Kruschwitz gebraucht zweimal den Begriff »Formverlangen« für Krachts Erzählstil. Das scheint passend und ich frage mich, in welchem Spannungsverhältnis der Begriff mit jenem des ›Erfahrungshungers‹ stehe. Dabei denke ich an eine andere ›Deutschlandreise‹, jene Wanderung Michael Holzachs von Hamburg an den Bodensee und zurück im Jahr 1980, die in dem Buch Deutschland umsonst seinen Niederschlag fand, an die Bedeutung, die auch hier die Internatsjahre spielen.
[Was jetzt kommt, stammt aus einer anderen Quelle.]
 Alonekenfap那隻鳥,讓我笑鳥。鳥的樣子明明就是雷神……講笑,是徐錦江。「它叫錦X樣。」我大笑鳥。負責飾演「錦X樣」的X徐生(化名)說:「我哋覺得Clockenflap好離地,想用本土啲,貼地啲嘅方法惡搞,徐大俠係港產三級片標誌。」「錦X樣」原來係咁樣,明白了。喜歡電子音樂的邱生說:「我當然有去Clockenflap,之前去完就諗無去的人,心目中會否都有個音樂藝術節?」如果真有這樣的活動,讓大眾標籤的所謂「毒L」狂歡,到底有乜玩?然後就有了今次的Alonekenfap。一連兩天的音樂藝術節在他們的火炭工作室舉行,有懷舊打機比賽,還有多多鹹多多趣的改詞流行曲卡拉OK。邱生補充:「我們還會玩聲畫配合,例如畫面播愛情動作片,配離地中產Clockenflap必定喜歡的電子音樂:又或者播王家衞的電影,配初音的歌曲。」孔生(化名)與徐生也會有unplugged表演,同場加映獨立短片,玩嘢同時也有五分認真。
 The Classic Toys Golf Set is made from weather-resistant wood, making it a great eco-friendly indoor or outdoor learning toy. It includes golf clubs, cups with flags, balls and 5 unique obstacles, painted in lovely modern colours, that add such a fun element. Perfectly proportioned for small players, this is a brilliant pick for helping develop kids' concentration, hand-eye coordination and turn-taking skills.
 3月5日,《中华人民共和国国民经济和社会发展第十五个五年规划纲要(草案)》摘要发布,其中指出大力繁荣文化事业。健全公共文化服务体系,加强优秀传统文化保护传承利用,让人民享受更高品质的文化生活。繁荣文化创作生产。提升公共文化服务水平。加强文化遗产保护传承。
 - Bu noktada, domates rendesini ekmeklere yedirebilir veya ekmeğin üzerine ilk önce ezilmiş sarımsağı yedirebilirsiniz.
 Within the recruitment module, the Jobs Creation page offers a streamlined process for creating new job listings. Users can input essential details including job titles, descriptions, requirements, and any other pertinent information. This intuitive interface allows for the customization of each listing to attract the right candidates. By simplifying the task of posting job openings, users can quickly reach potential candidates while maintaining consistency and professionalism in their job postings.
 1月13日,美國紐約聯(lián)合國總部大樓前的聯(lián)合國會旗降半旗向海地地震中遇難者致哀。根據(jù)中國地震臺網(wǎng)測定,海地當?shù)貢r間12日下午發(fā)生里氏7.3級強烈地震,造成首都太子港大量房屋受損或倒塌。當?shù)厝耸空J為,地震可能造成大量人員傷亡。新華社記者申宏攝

Und an weitere, immer leicht abgründige Erzählungen und Verfilmungen des Genres Gehen/Reisen durch D. (Werner Herzogs Vom Gehen im Eis, Peter Fleischmanns Die Hamburger Krankheit).

Die unvermittelten NS-Bezüge in Faserland, die Kruschwitz zur »Methode Kracht« zählt, wären vielleicht noch einmal gewinnbringender an jener Stelle zu vertiefen, wo die Beziehung zu Uwe Kopf, der in Faserland als »ein ziemlich harter Nazi« (siehe untenstehenden Eintrag vom 1.5.18) bezeichnet wird, sich andeutet, die Kurzschlüsse von Fiktion und Kommunikation, ihr double-bind mit realen Personen. (Ich weiß nichts davon.)
»Trauerarbeit« und »Formverlangen«, also; dazu die Brechung, der Einbruch. Kruschwitz spricht von »Doppelbindungen«.



2018-08-08
literaturen, interpretation,
faserland

[1] https://www.merkur-zeitschrift.de/2018/07/25/wollt-ihr-die-totale-ironie-warum-christian-krachts-texte-nicht-harmloser-geworden-sind/
[2] Christian Kracht, Faserland. 16. Auflage München 2013, S. 158.